Chandigarh: The allotment of 70 acres of prime land at a token amount of Re.1 for a 99-year lease to leading management institute Indian School of Business (ISB) by the Punjab government at Mohali town has raised the hackles of other institutions.
The Punjab Unaided Technical Institution Association (PUTIA), which comprises several private management, engineering and other professional institutions, on Saturday said the Punjab government should not adopt a policy of subsidizing institutions from outside the state while making things tougher for Punjab’s own institutions.
The foundation stone of the ISB, one of the leading business schools in the world, was laid in Mohali this week. It would be ISB’s second campus outside Hyderabad and is expected to be completed by February 2012.
These corporate institutions include Max India institute of Healthcare Management, Bharti Institute of Public Policy, and BML Munjal Hero Honda Institute of Manufacturing Excellence. Each has pooled in Rs.50 crore for the ISB-Mohali campus.
The Punjab government allotted 70 acres of prime land to the ISB for a token amount of Re.1 for a 99-year lease. The land was acquired at Rs.6.3 million (Rs.63 lakh) per acre by the state government. The present market rate for the land is Rs.15 mn (Rs.1.5 crore) per acre.
“On the same day when the ISB was given land, the draft of The Punjab (Institutions and other Buildings) Tax Act, 2010 has also been approved by the cabinet to levy property tax on the institutions. The intention of the government is crystal clear. The financial loss occurring on subsidizing the entry of outsiders by giving free land of hundreds of crores of rupees will be met from the pockets of the state institutions,” J.S. Dhaliwal, president of PUTIA, said after a meeting of the professional institutions.
PUTIA members said while the Punjab government’s high-level committee on resource mobilization, comprising Deputy Chief Minister Sukhbir Singh Badal and Industries and Commerce Minister Manoranjan Kalia, were recommending generation of more resources and funds, the subsidized land for ISB was causing confusion.
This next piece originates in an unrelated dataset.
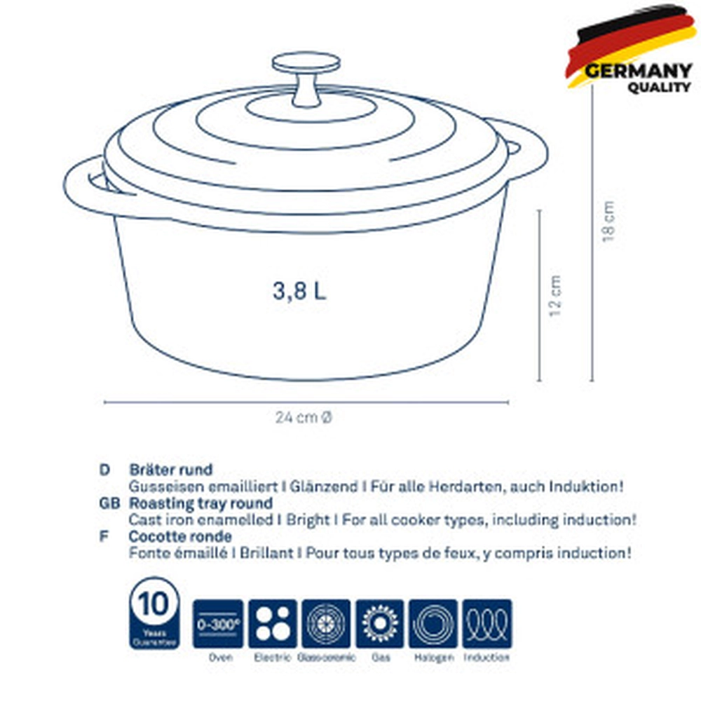Каструля чавунна з кришкою KELA Calido, 3,8 л, чорна (12471) - купити в магазині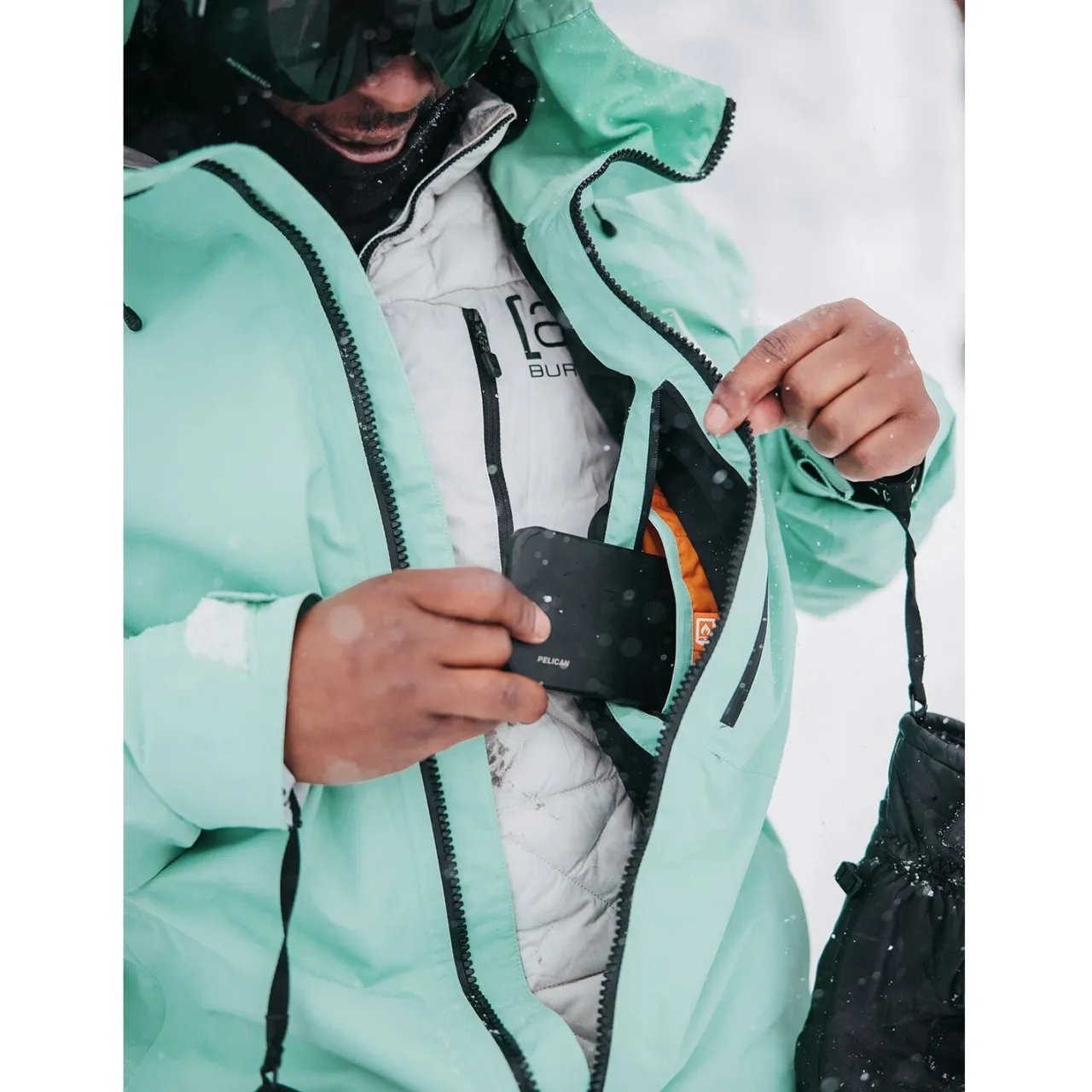 Ergonomic Water-Repellent Zip-Out Stretch Waist Gaiter with Jacket to Pant Interface–        Engineered for the movements of snowboarding, this ergonomic waist gaiter seals out snow and cold like never before, and is removable for customizing performance. The longer back creates an ergonomic fit, articulating with your body for an interface that stays locked in all day long.

They also objected to the fact that while ISB management will decide their fee structure, other institutions are bound by Punjab government rules on fee fixation.
“The government is much interested in pleasing the outsiders at the cost of state institutions. Admissions, student intake, fee, all will be decided by the ISB promoters. While in Punjab, fee fixation is a state subject,” Dhaliwal added.
While the Punjab government has fixed the fee for management courses at Rs.125,000, the ISB charges between Rs.3-3.5 mn (Rs.30-35 lakh) per student.
PUTIA members pointed out at the meeting that unlike ISB, other educational institutions were required to procure land at commercial rates and were not given any financial assistance by the government.